ABOUT THIS EXERCISE – Which lines below fall between the one containing "Heel dik vachtje" and the one containing "こちらは、10mm玉のムーン"? Repeat them exactly, counting both of those lines, and add nothing else.
** DATA EXTRACTS follows **
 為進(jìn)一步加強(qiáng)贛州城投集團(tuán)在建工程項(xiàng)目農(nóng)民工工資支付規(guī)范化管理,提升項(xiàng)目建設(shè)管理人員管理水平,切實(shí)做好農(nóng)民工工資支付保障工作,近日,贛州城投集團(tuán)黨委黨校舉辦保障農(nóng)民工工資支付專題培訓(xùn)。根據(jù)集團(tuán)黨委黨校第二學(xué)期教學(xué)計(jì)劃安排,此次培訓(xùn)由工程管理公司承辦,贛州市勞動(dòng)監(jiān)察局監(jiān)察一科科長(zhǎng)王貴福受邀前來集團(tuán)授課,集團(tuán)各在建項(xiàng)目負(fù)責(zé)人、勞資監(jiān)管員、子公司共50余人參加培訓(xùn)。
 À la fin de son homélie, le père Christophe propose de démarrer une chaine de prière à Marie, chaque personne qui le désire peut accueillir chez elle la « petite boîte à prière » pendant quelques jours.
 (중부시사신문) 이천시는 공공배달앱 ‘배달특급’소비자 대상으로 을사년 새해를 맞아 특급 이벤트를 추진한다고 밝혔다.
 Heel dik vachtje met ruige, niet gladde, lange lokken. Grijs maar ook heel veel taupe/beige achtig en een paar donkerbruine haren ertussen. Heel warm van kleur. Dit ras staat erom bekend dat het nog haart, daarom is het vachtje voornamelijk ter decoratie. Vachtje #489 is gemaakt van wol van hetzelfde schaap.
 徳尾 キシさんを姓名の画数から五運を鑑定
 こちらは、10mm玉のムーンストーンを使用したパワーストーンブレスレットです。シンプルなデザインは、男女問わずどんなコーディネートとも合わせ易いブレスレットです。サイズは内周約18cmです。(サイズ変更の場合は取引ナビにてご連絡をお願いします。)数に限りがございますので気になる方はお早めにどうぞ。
** End of DATA EXTRACTS **
** DATA EXTRACTS follows **
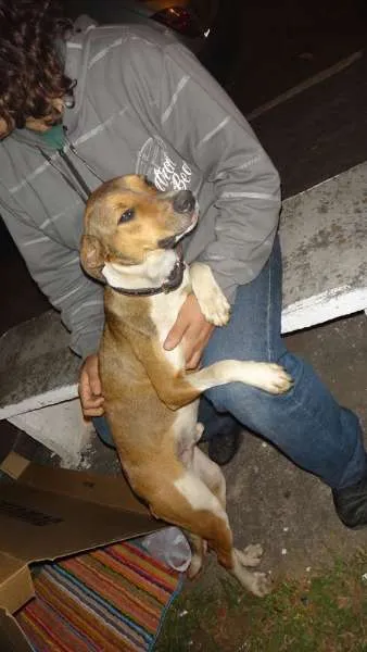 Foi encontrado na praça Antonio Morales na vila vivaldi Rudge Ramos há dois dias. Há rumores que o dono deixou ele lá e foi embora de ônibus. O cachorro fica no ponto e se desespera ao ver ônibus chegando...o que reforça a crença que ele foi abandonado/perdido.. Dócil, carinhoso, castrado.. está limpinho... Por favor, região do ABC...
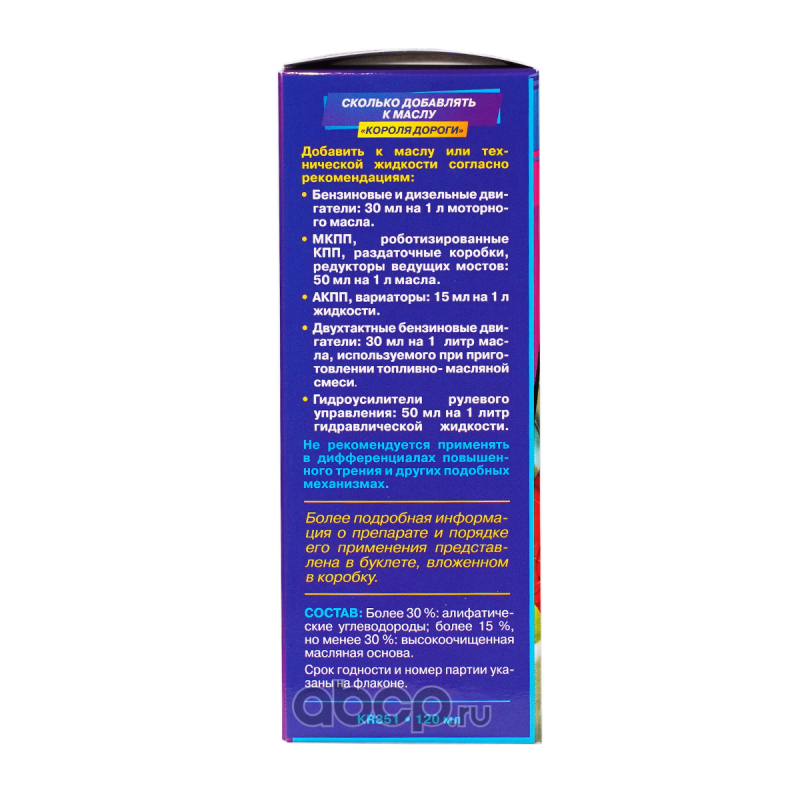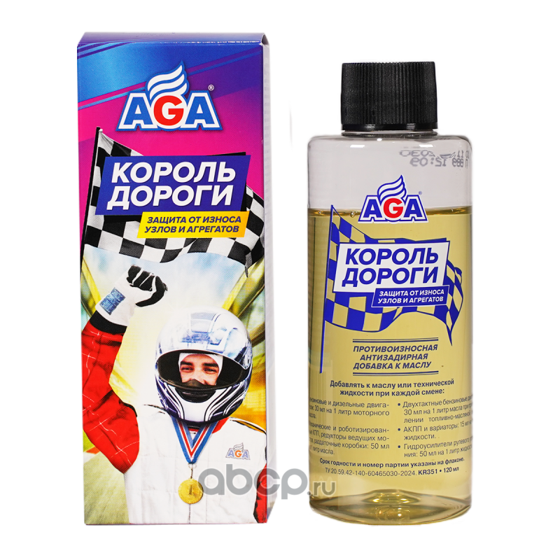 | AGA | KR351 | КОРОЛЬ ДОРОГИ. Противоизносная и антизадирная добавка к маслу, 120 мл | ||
** End of DATA EXTRACTS **
** DATA EXTRACTS follows **
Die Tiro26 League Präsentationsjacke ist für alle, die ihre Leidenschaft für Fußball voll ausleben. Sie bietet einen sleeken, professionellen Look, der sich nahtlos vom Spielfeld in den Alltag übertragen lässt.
** End of DATA EXTRACTS **
OUTPUT FOR THIS TASK –
 Heel dik vachtje met ruige, niet gladde, lange lokken. Grijs maar ook heel veel taupe/beige achtig en een paar donkerbruine haren ertussen. Heel warm van kleur. Dit ras staat erom bekend dat het nog haart, daarom is het vachtje voornamelijk ter decoratie. Vachtje #489 is gemaakt van wol van hetzelfde schaap.
 徳尾 キシさんを姓名の画数から五運を鑑定
 こちらは、10mm玉のムーンストーンを使用したパワーストーンブレスレットです。シンプルなデザインは、男女問わずどんなコーディネートとも合わせ易いブレスレットです。サイズは内周約18cmです。(サイズ変更の場合は取引ナビにてご連絡をお願いします。)数に限りがございますので気になる方はお早めにどうぞ。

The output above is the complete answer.